TASK PROMPT. Repeat the records below exactly, from the first line through the line containing "张彦中书法鸟虫篆《千字文》:笃初诚美,慎终宜令。荣业所基,籍甚无竟。", and leave out any pictures.

Data extracted from a collection
####

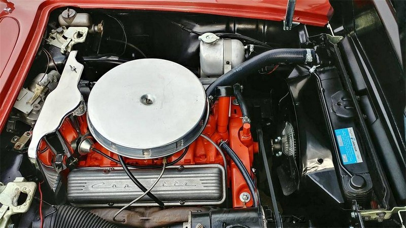 4spd manual transmission shifts great. . Excellent condition and runs even better than it looks. The original numbers matching 327 and makes this car run like a rocket. Comes with the Wonderbar radio. The frame is solid.
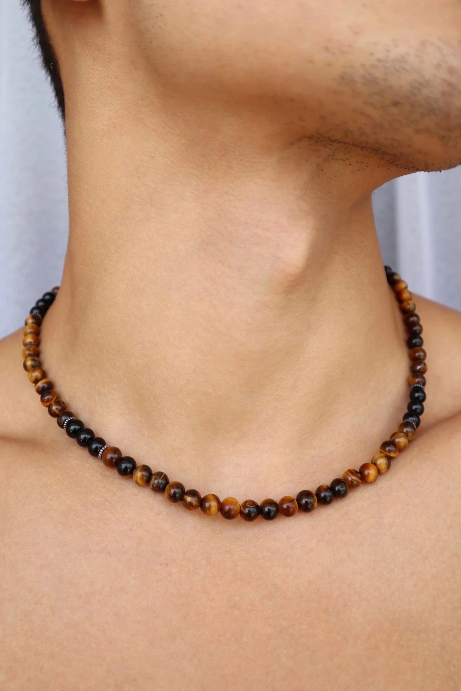 Mens Tiger’s Eye & Onyx beaded Necklace | Confidence & Protection
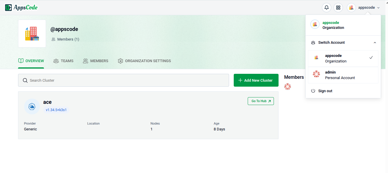 Once deployed, access the AppsCode Platform using the specified domain. Log in with the admin account credentials provided during the creation process.After the login process you will see the ACE dashboard user interface
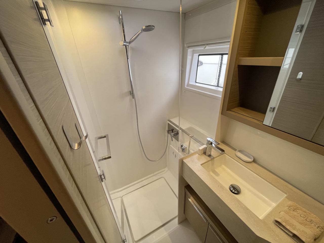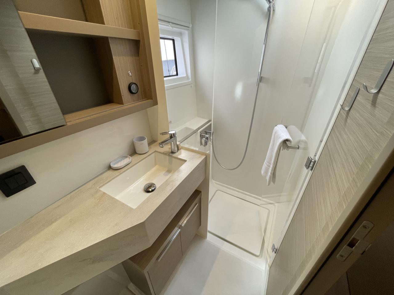 Une salle d’eau avec douche, lavabo et WC électrique avec holding tank
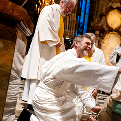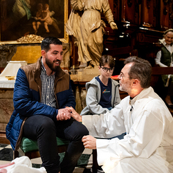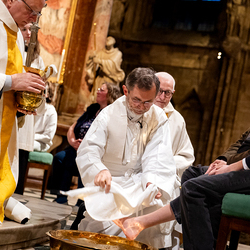 Die Geschichte vom Gründonnerstag sei eine hochaktuelle, erklärt Pater Jörg Thiemann CMM: "Am Gründonnerstag dürfen wir uns daran erinnern, dass Jesus auch uns die Füße wäscht. Das Waschen der Füße ist ein Symbol für den Dienst Jesu an uns. Jesus vergibt auch uns die Sünden. Wenn Jesus seinen Jüngern die Füße wäscht, auch dem Judas, dann zeigt er: Niemanden schließt er von seiner Liebe aus. Wir sind aufgefordert, genau so zu handeln. Jesus sagte: 'Wenn nun schon ich euer Meister und Herr euch die Füße wasche, dann müsst auch ihr einander die Füße waschen", erklärt Pater Thiemann die Symbolik der Fußwaschung am Gründonnerstag. Die Fußwaschung wird heute in allen Bischofskirchen durchgeführt, wo der Bischof zwölf ausgewählten Personen die Füße wäscht.
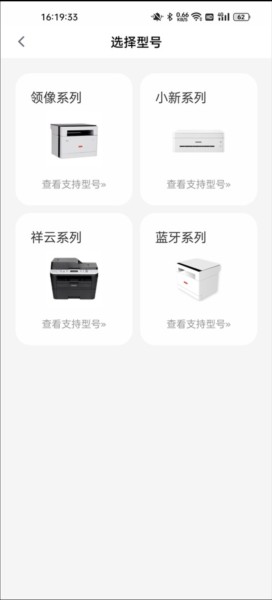3、挑选打印机系列时,可选择领像系列、小新系列、祥云系列、蓝牙系列。
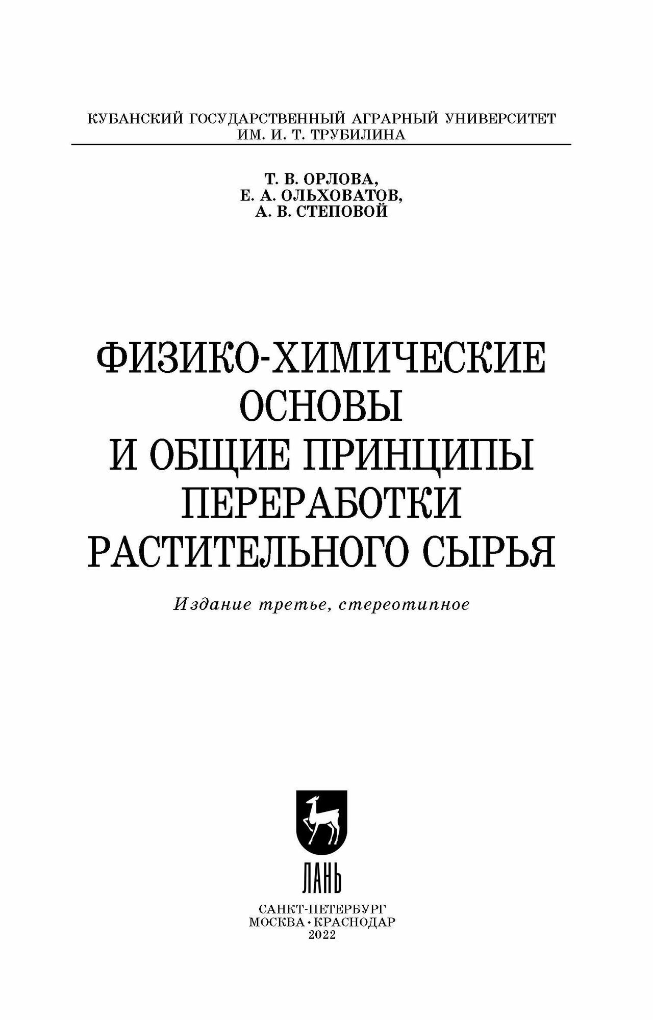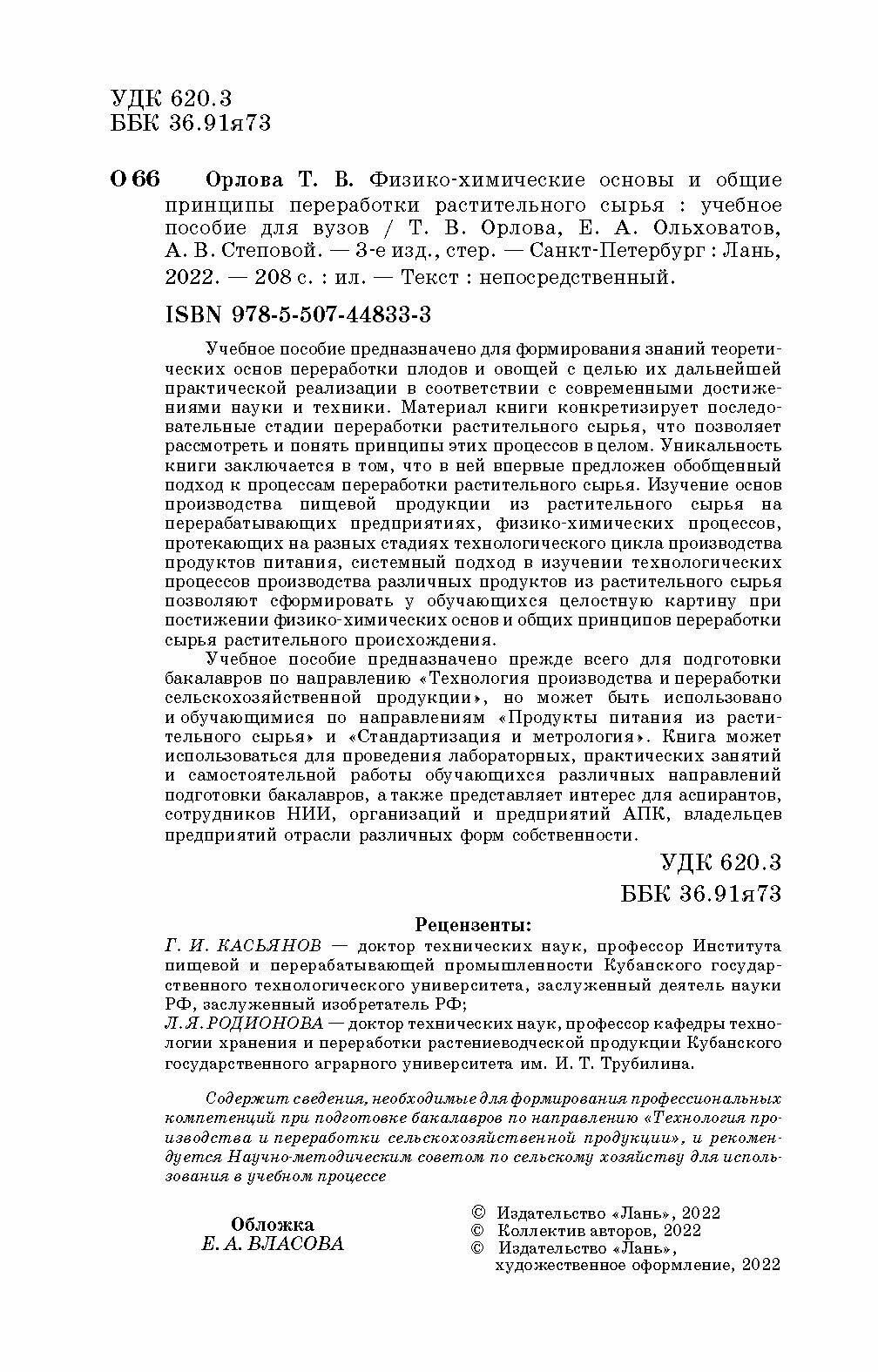 Физико-химические основы и общие принципы переработки растительного сырья. Учебное пособие для вузов (Ольховатов Егор Анатольевич, Степовой Артем Васильевич, Орлова Татьяна Владимировна); Лань, 2022
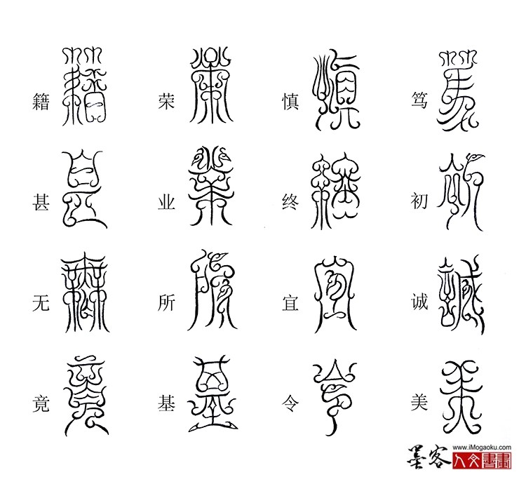 张彦中书法鸟虫篆《千字文》:笃初诚美,慎终宜令。荣业所基,籍甚无竟。
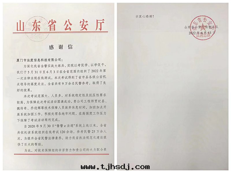 近期(qī),山(shān)東(dōng)省(shěng)为(wèi)深化(huà)全(quán)警實(shí)战大練兵,實(shí)現(xiàn)以(yǐ)考促學(xué)、以(yǐ)學(xué)促干(gàn),在(zài)全(quán)省(shěng)範圍內(nèi)組織了(le)一(yī)次法(fǎ)律法(fǎ)規在(zài)線(xiàn)測試,全(quán)省(shěng)9万(wàn)多(duō)名(míng)民(mín)警參加測試,取(qǔ)得了(le)良好(hǎo)的(de)效果(guǒ)。法(fǎ)度(dù)信(xìn)息相關(guān)人(rén)員應(yìng)急響應(yìng)及(jí)时(shí),措施保障得力,在(zài)高(gāo)強(qiáng)度(dù)工作(zuò)壓力下保障考試活動(dòng)順利完成(chéng),山(shān)東(dōng)省(shěng)公(gōng)安(ān)厅为(wèi)此發(fà)来(lái)感(gǎn)謝信(xìn)。
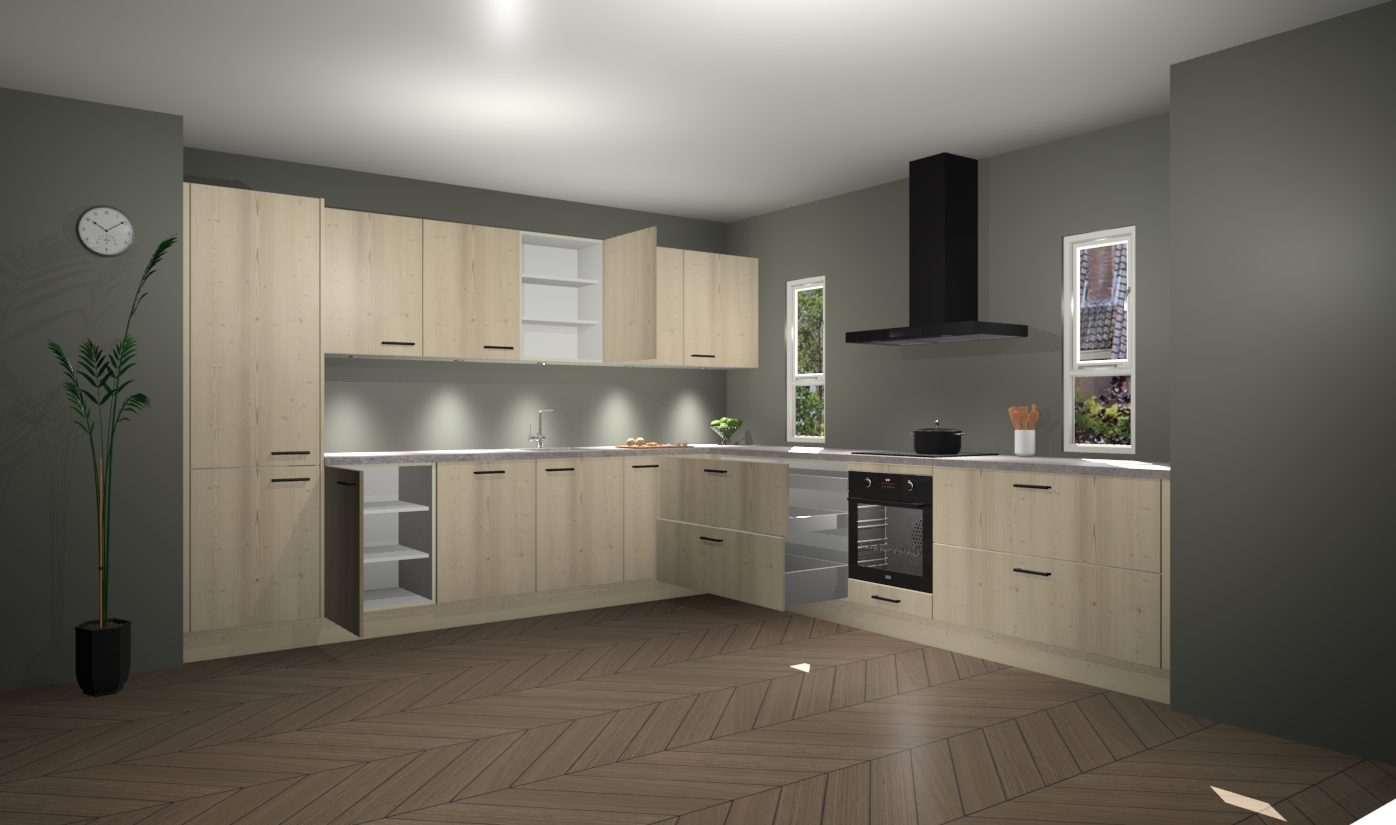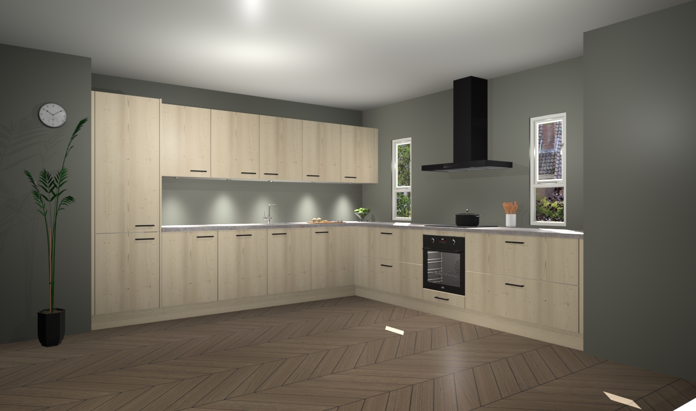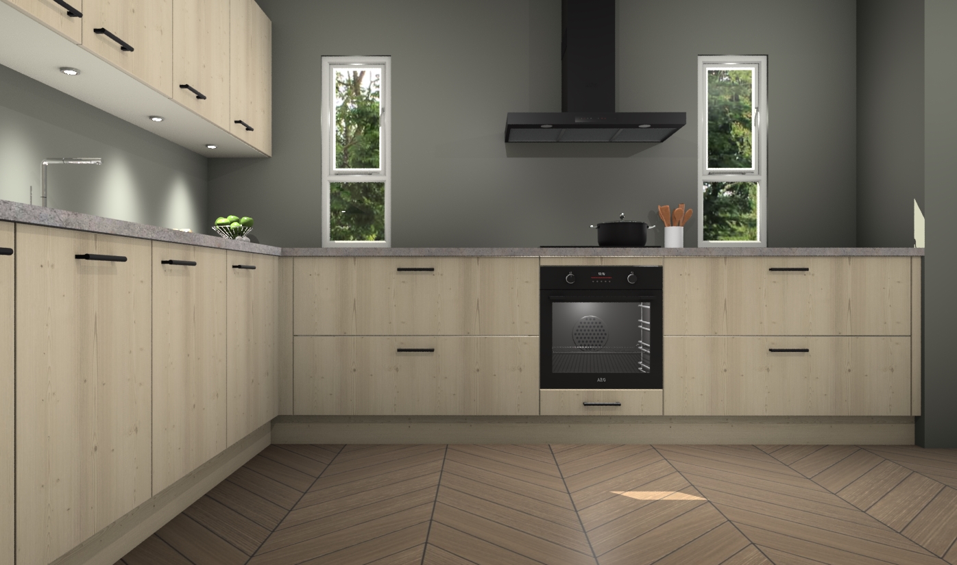 De vuren keuken is een ideale hoekkeuken en heeft alle functies en apparatuur die u maar nodig kunt hebben. Bij de bestelling krijgt u een oven, inductiekookplaat, afzuigkap, vaatwasser en koelkast - deze kunnen desgewenst eenvoudig worden uitgebreid naar AEG na bestellen. Elke kast wordt ook voor gemonteerd geleverd met soft close deuren die jarenlang gebruik beloven. Stelt u zich voor dat u geen gedoe heeft met vervelende montage - vanaf het moment dat u uw bestelling plaats, duurt het slechts 7 weken voor het bij u thuis geleverd wordt.

####

EXERCISE RESPONSE.
 4spd manual transmission shifts great. . Excellent condition and runs even better than it looks. The original numbers matching 327 and makes this car run like a rocket. Comes with the Wonderbar radio. The frame is solid.
 Mens Tiger’s Eye & Onyx beaded Necklace | Confidence & Protection
 Once deployed, access the AppsCode Platform using the specified domain. Log in with the admin account credentials provided during the creation process.After the login process you will see the ACE dashboard user interface
 Une salle d’eau avec douche, lavabo et WC électrique avec holding tank
 Die Geschichte vom Gründonnerstag sei eine hochaktuelle, erklärt Pater Jörg Thiemann CMM: "Am Gründonnerstag dürfen wir uns daran erinnern, dass Jesus auch uns die Füße wäscht. Das Waschen der Füße ist ein Symbol für den Dienst Jesu an uns. Jesus vergibt auch uns die Sünden. Wenn Jesus seinen Jüngern die Füße wäscht, auch dem Judas, dann zeigt er: Niemanden schließt er von seiner Liebe aus. Wir sind aufgefordert, genau so zu handeln. Jesus sagte: 'Wenn nun schon ich euer Meister und Herr euch die Füße wasche, dann müsst auch ihr einander die Füße waschen", erklärt Pater Thiemann die Symbolik der Fußwaschung am Gründonnerstag. Die Fußwaschung wird heute in allen Bischofskirchen durchgeführt, wo der Bischof zwölf ausgewählten Personen die Füße wäscht.
3、挑选打印机系列时,可选择领像系列、小新系列、祥云系列、蓝牙系列。
 Физико-химические основы и общие принципы переработки растительного сырья. Учебное пособие для вузов (Ольховатов Егор Анатольевич, Степовой Артем Васильевич, Орлова Татьяна Владимировна); Лань, 2022
 张彦中书法鸟虫篆《千字文》:笃初诚美,慎终宜令。荣业所基,籍甚无竟。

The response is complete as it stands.